◆ EXERCISE INSTRUCTIONS: Pictures excluded, please transcribe exactly the lines from the one with "- Configure Quorum" through the end of the records below, and nothing more.

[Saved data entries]
══════════
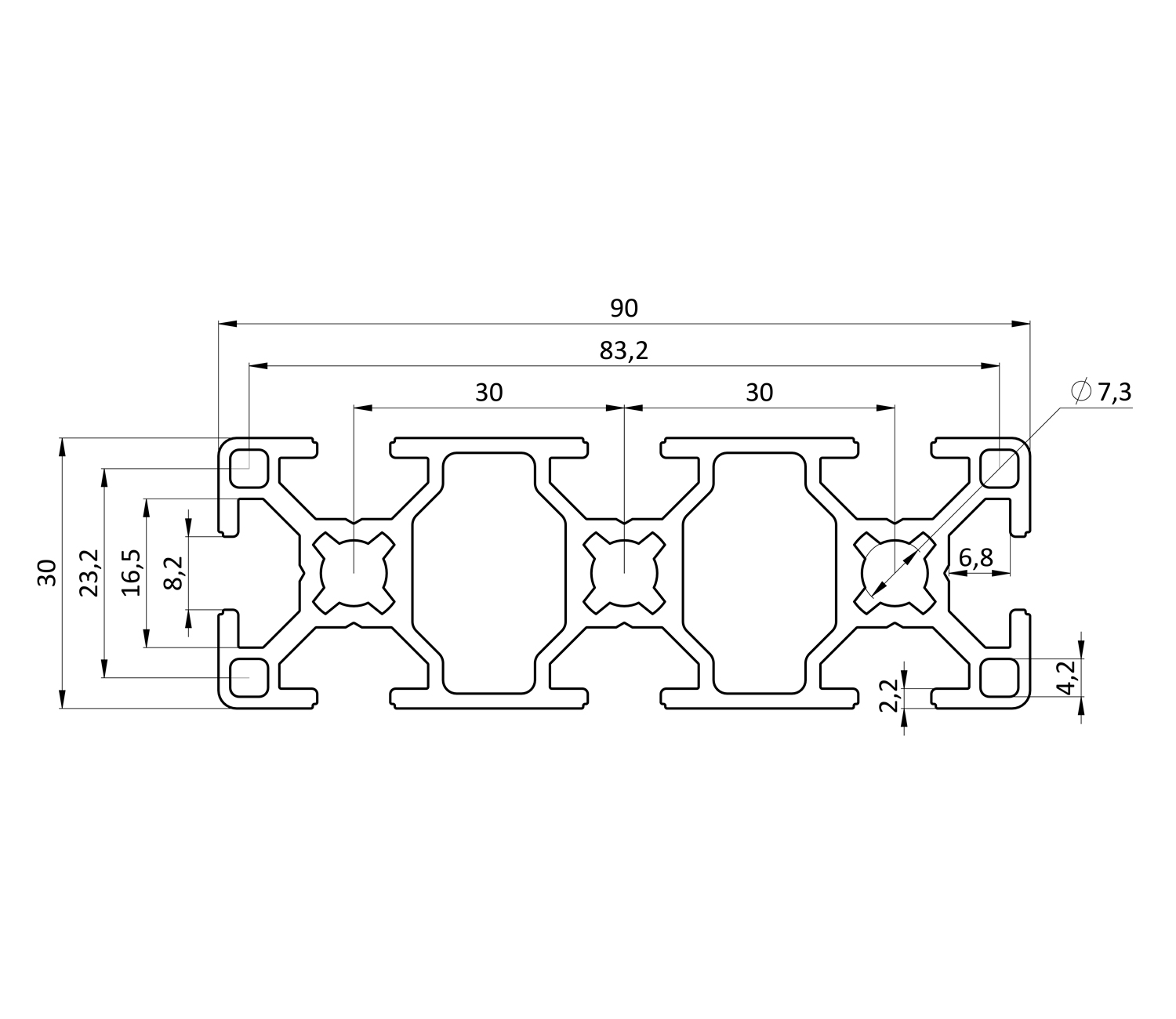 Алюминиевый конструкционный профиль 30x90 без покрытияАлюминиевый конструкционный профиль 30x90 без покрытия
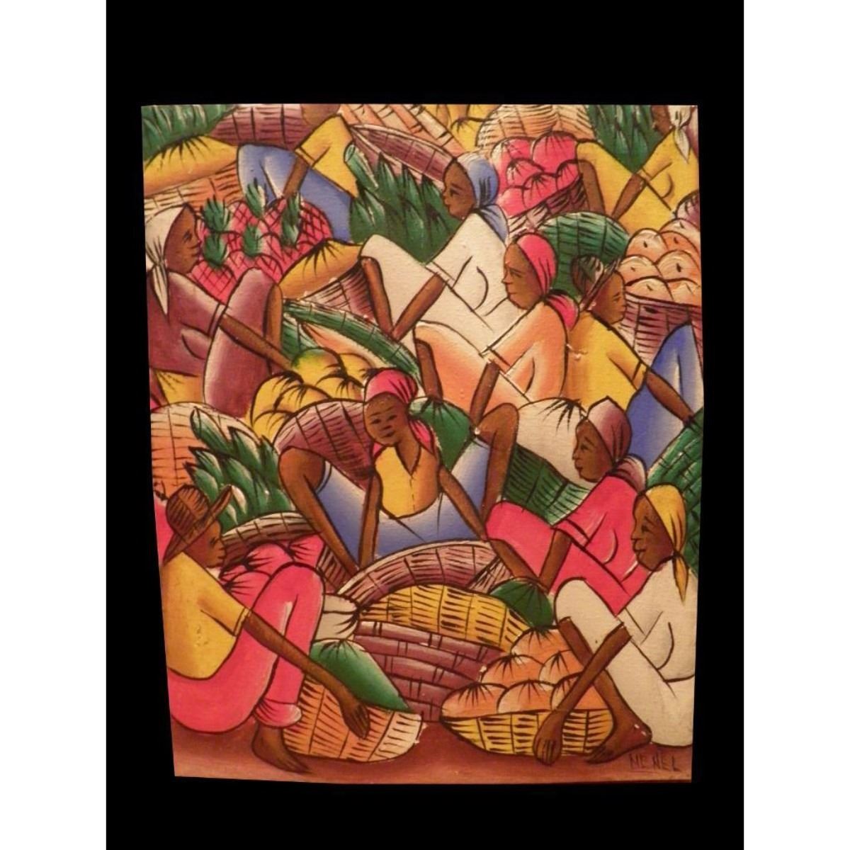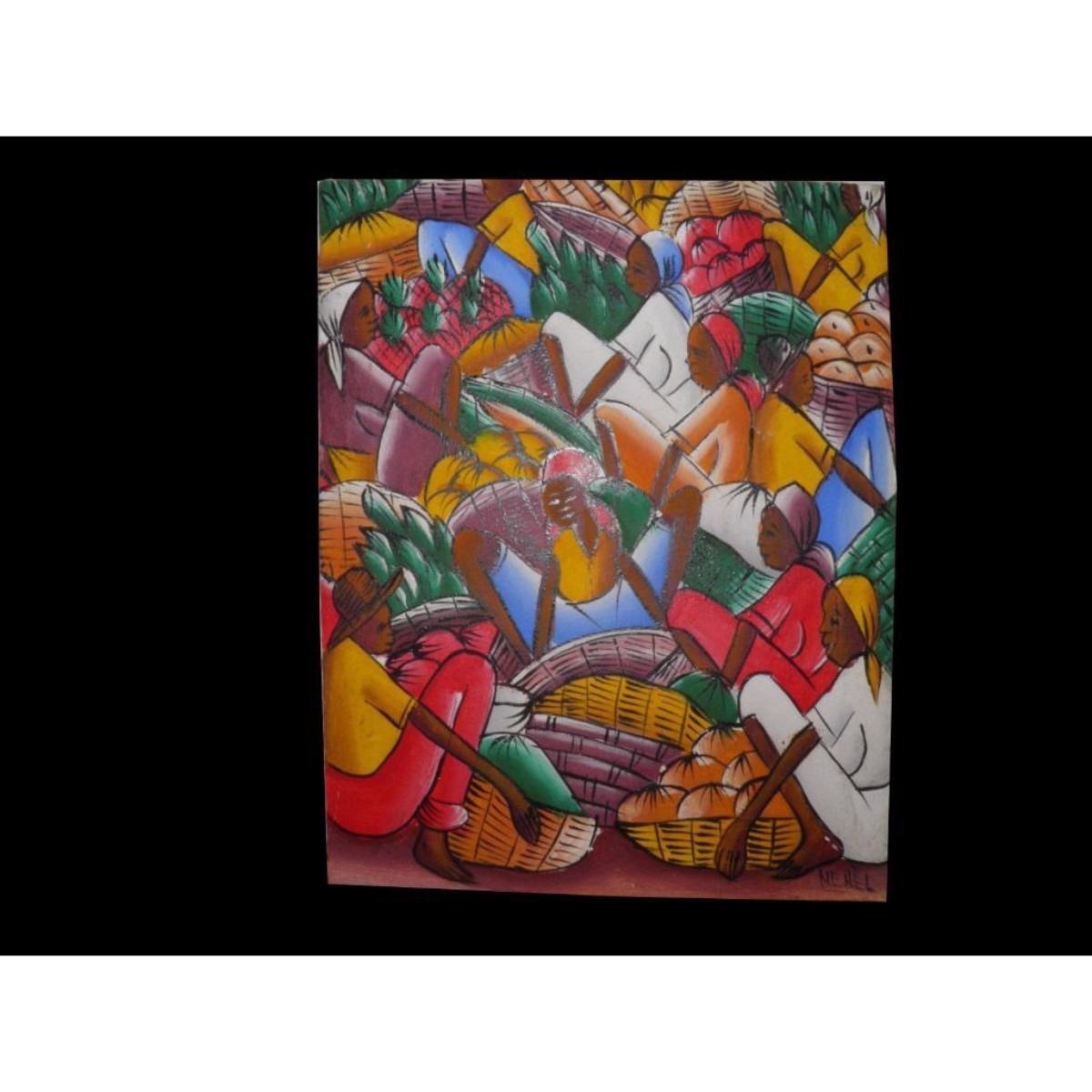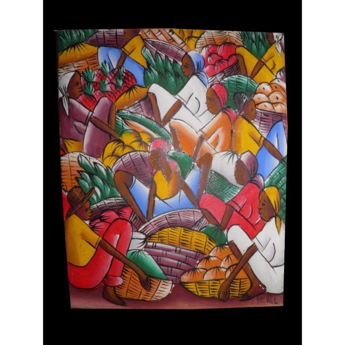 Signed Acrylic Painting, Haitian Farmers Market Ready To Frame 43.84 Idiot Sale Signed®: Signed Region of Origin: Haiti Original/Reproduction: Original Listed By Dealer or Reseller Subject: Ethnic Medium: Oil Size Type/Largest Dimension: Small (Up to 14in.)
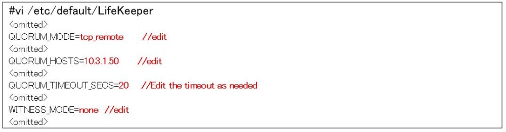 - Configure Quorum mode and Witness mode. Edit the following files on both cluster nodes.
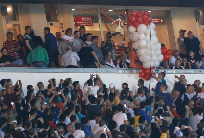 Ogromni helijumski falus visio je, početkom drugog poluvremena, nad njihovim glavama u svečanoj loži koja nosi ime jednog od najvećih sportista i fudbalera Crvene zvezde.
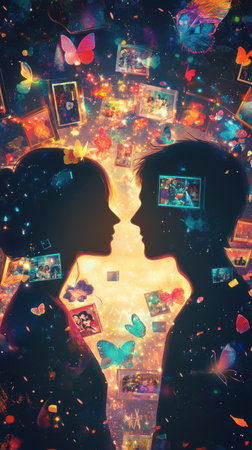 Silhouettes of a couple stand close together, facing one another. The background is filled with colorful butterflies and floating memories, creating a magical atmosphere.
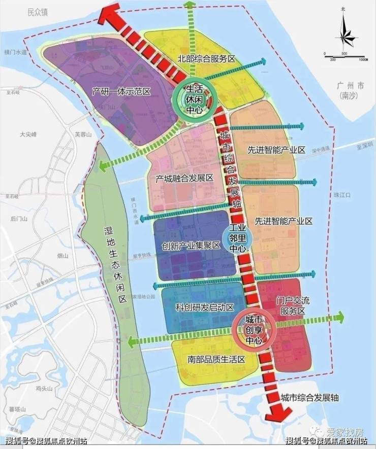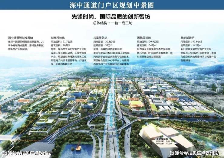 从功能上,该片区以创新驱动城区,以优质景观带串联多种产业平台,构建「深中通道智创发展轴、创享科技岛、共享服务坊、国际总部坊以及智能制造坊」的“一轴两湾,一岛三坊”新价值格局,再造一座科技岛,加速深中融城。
══════════
◆ RESULT OF THE EXERCISE:
 - Configure Quorum mode and Witness mode. Edit the following files on both cluster nodes.
 Ogromni helijumski falus visio je, početkom drugog poluvremena, nad njihovim glavama u svečanoj loži koja nosi ime jednog od najvećih sportista i fudbalera Crvene zvezde.
 Silhouettes of a couple stand close together, facing one another. The background is filled with colorful butterflies and floating memories, creating a magical atmosphere.
 从功能上,该片区以创新驱动城区,以优质景观带串联多种产业平台,构建「深中通道智创发展轴、创享科技岛、共享服务坊、国际总部坊以及智能制造坊」的“一轴两湾,一岛三坊”新价值格局,再造一座科技岛,加速深中融城。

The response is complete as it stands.